I must mention Karl Urban's Dr McCoy which stops just the right side short of an impersonation (physically, he and DeForrest Kelley have little in common) but keeps all the energy and almost-omnipresent indignation of possibly my favourite character from the series.
My enthusiasm shouldn't hide a few reservations I have. This new Star Trek has more in keeping with the current spate of superhero movies rather than space opera (a genre the original TV series created) in the way it's scripted, shot and also scored. But if James Bond can do it, why can't Trek? And that grated on me just a bit.
On to my main reservation, though. Like most buddy/superhero movies, the main characters start by hating each other and then grow to respect and perhaps even care for each other. But the final act is just a little too rushed for my liking and the Kirk-Spock relationship we know ultimately comes from nowhere, largely by order of future-Spock rather than any real natural character development. And that's a huge pity because it's the core of what the film thinks it's about.
The Chronicles of Narnia: The Lion, the Witch and the Wardrobe (2005)
Not as good as it thinks it is
I'm not going to go over the ground so many of the other comments have made, although several of the comments frankly baffle me. Tilda Swinton was great as the ice-cold Machiavellian ruler, but fell far short believably beguiling Edmund. Why he should have considered trusting such an obviously ill-intentioned character was incomprehensible, and I put this down to her simply not understanding what her character was up to. I read the book the best part of 30 years ago and recall her being sweet and enticing rather than simply ordering him to betray his siblings. (Surely, being just a little older than myself, she read the books as a child? They were all the rage in the late 60s with younger kids, as LOTR was with older ones.) My other big gripe is with the SFX. Did I really see the same film as the one those who praised the CGI, the landscapes and the animals? A significant amount of the blue/green screen work looked cheap and unfinished - it may have passed muster 10 years ago, but not today! I've never been a fan of anthropomorphous animals (except for the occasional cartoon), but with the possible exception of the beavers, the sounds being made did not believably emanate from the animals' mouths. I found this particularly weird given Adamson's experience with CGI animation.
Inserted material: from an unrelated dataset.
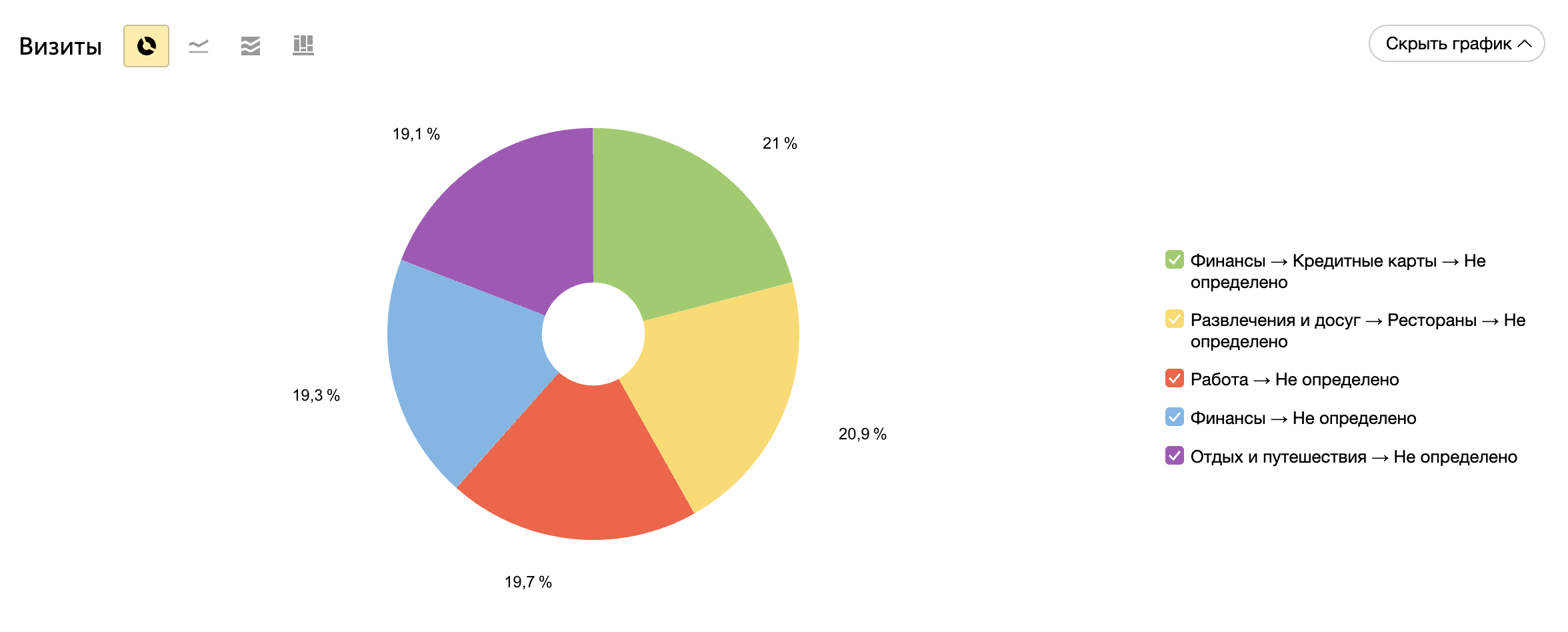 Показывает, чем увлекаются ваши пользователи (например, бизнес, путешествия, сериалы). Системы веб-аналитики следят за тем, что читают ваши посетители, и знают, какие у них интересы.

Of course, many of the reviews here (and elsewhere) have compared this movie to the LOTR trilogy or the Potter franchise: Disney probably doesn't discourage such comparisons, if they're favourable. Regrettably, in my mind, such favourable comparisons are misplaced: LOTR's scope and geography beats Narnia into a cocked hat, and the mass battles of Jackson's trilogy have set a very high benchmark; Narnia doesn't come close with its battle, which I couldn't even call "eye candy". Potter is a very different animal, the continuing storyline being its main attraction, and characterisation built over the series as the trainee witches and wizards mature. Attempting to show such growth in the limited running time of a single movie was always going to be difficult, and given even my foggy recollection of the book, much development was lost at the expense of under-whelming visuals.
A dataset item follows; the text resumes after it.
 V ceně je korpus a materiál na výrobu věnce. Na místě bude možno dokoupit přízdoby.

A fairly crude measure of my enjoyment of a film is how long into it I am desperate for a break and how often I need to check my watch, and by that measure, this film fails rather spectacularly, as I lasted no more than half an hour before my attention wavered. LOTR and all but the first Potter movie came off admirably in comparison, but even that did better than this piece of over-hyped bandwagon-jumping.